いやいや、そんなことはありません! 確かに中国やインドをはじめ、近年のアジア諸国の経済成長スピードは凄まじいものがあります。しかし、それでもやはり、日本企業が依然アジアの盟主であることには変わりはありません。その証拠に、アジア企業の売上高ランキングの上位企業を見ると、TOP20のうち日本企業の名前が、なんと「13」も入っているのですから。
 そんなわけで、今回はアジアにおける日本企業の立ち位置を再確認するために、アジア企業の売上高TOP20を報告。同ランキングを見て頂ければ、「やっぱり日本やるじゃん!」。そんな感想を持って頂けるはずです。
 
 
 
 
ご覧頂いた通り、アジア企業の売上高ランキングTOP20、その第1位に輝いたのは日本のトヨタ自動車。売上高26兆円以上と、2位以下を大きく引き離してのTOPとなった。さすがは日本が誇る「世界のトヨタ」。その存在感はアジアだけではなく、全世界で見ても別格。トヨタ自動車は、自動車業界部門では世界第1位。さらに、世界中の全企業の中でも世界第5位の売上高を誇る、まさに世界有数の企業なのである。
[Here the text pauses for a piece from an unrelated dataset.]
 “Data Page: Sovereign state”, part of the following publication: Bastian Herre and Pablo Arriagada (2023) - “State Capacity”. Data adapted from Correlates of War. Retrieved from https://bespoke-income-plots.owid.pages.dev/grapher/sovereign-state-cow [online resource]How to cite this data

 さて、さらにランキングを見ていくと、2位と3位には中国の国内三大石油会社のうちの2社がランクイン。ちなみに、3位の中国石油天然気は、石油に換算して37億バレルにも及ぶ確認埋蔵量の資源を保有していると言われ、英『フィナンシャル・タイムズ』が発表した、2008年のFinancial Times Global 500において、米エクソン・モービル社に続く、世界第2位の時価総額を持つ企業に認定されている。しかし、そんな世界有数のオイルメジャーでさえも、トヨタの売上高には遠く届かないのである。世界のトヨタ、その凄さが伝わるのではなかろうか。さらにもう一つ加えると、先に「トヨタ自動車は世界第5位の売上高」とお伝えしたが、同社より上位4社のうちの3社は、エクソン・モービル社をはじめとする世界三大スーパーオイルメジャーである。オイルメジャーを除けば、世界最大の小売企業、米ウォルマート・ストアーズに次いで第2位なのだ。
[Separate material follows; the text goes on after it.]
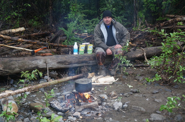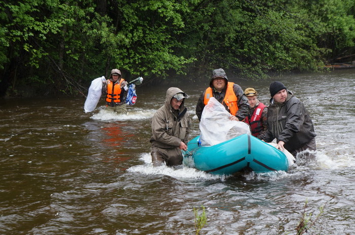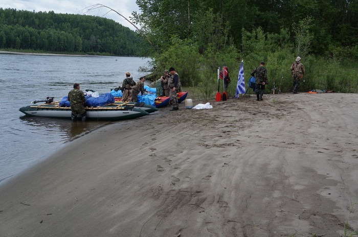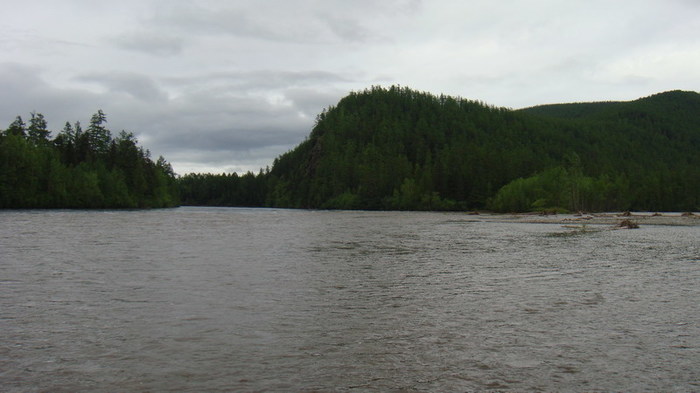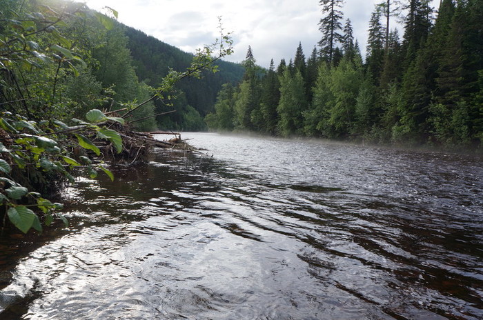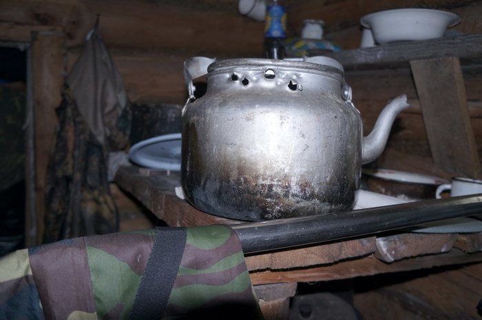 Бывалые охотники утверждали, что из этого чайника чаёк наливал сам михайло-потапыч. У меня на этот счёт есть сомнения, поэтому выставляю его на суд. Всю ночь лил дождь. Река на утро стала неузнаваема. Резко поднялась вода и стала неприятно рыжего цвета. Катамараны, оттащенные с вечера метром на 30 на берег, были практически в воде. Протока , отделявшая зимовьё от косы с палатками стала непроходима для болотных сапог. Приходиться , тем кто в вейдерсах, часть людей и вещи переправлять на Серёгиной лодке.

 さて、ランキングに話を戻すと、4位以降には本田技研工業、日立製作所、日産自動車と日本企業の名前がズラリと並び、TOP20のうちその数は実に13を占める。さらに注目して頂きたいのが、その大半が自動車や電機といった製造業であることだ。「ものづくり大国」日本の名は、まだまだ健在。中国や韓国企業から続々と安価な同種製品が登場してもなお、依然世界ではメイドインジャパン製品の「高品質」が好まれているのである。では、日本が「ものづくり」において長い間世界をリードし続けられる最たる要因はどこにあるのか。結論から言うと、日本製品の高品質は材料や基礎的な部材など、ものづくりの川上部分の優れた製造技術が支えているのである。日本企業が作る部材は、世界中から非常に高い評価を受けている。例えば液晶パネルを使った製品では、最終製品の日本企業のシェアは27%程度にとどまるのに対して、部材のシェアは65%にも及ぶのだという。世界中、特にアジア地域で製造される多くの製品も、元をたどれば多くの場合で日本企業に辿り着く。まさに、これこそが日本の最大の強みなのだ。ものづくりの川上部分に非常な強さを持っているからこそ、長い間「ものづくり」において世界を牽引し続けることができ、また資源を持たない国であるにも関わらず、アジア経済の中心で活躍し続けられるのであろう。

 日本以外の国では、8位に半導体業界で世界第2位の売上高を誇る、韓国のサムスン電子がランクイン。韓国からは他にも、9位にSKホールディングス、12位に現代自動車が入った。また成長著しいインドからは、同国の国営石油会社であるインディアン・オイルが17位に。そして中国(台湾)からは、電子機器の受託生産を行う世界最大のEMS企業、鴻海精密工業が19位にランクインした。